_Recorded data_
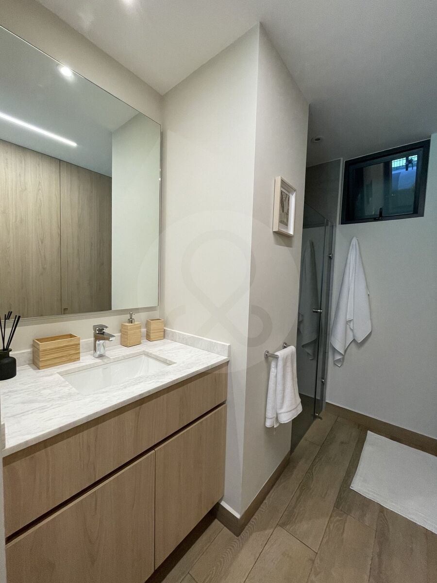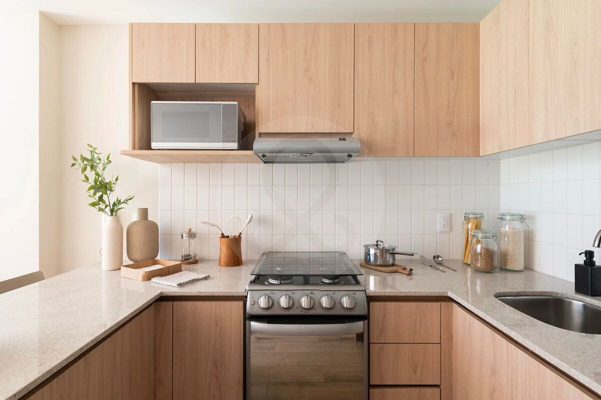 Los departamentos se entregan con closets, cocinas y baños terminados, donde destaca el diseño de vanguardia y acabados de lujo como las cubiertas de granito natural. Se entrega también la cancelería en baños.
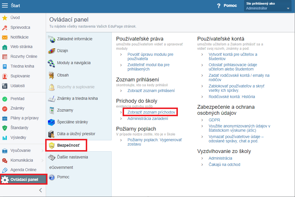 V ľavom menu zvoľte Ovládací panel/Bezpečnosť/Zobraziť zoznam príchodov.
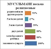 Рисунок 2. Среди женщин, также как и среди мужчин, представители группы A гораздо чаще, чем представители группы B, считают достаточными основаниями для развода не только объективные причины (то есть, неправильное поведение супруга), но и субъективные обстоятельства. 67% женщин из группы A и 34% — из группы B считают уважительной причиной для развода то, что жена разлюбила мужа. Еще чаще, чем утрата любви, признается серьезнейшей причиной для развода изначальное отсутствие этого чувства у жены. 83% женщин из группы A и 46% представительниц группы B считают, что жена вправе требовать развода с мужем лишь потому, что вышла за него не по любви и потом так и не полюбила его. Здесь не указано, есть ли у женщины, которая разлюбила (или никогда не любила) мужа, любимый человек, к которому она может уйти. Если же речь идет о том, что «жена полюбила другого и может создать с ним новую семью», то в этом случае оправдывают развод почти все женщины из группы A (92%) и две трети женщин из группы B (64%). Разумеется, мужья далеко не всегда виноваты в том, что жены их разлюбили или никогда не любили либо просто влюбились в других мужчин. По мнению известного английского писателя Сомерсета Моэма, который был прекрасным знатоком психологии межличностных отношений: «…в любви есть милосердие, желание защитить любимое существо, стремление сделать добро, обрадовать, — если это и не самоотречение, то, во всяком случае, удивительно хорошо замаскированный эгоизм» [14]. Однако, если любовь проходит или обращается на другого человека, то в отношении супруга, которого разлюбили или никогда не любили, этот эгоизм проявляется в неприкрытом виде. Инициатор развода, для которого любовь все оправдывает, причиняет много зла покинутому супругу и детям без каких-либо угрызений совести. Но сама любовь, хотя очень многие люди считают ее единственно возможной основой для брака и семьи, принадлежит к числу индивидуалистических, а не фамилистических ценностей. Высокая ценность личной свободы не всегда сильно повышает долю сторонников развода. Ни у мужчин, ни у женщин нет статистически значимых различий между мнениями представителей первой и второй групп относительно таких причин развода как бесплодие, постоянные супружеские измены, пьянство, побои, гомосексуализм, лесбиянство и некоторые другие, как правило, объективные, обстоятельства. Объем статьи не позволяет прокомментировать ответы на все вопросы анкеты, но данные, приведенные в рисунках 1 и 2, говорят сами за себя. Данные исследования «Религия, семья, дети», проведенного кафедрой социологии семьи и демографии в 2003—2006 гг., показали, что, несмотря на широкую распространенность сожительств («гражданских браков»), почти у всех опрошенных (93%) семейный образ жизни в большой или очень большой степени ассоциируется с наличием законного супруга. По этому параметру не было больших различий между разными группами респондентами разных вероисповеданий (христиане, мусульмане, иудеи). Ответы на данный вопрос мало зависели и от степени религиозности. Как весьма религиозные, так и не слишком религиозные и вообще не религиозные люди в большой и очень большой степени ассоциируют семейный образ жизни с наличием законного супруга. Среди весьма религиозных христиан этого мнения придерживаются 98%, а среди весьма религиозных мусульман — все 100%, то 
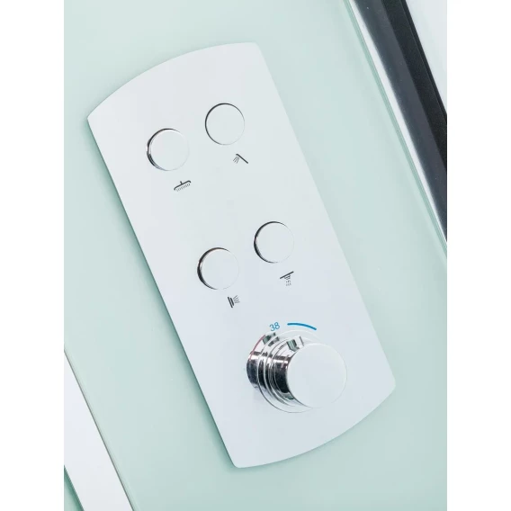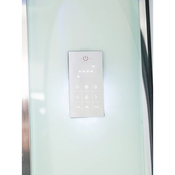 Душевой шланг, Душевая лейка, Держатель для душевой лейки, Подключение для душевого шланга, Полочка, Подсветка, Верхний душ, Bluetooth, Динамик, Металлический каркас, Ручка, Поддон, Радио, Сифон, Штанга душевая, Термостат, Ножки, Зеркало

_What to do_
Go through the data above and print exactly the lines from its first line through the line holding "V ľavom menu", both included, leaving pictures aside.

_Result_
 Los departamentos se entregan con closets, cocinas y baños terminados, donde destaca el diseño de vanguardia y acabados de lujo como las cubiertas de granito natural. Se entrega también la cancelería en baños.
 V ľavom menu zvoľte Ovládací panel/Bezpečnosť/Zobraziť zoznam príchodov.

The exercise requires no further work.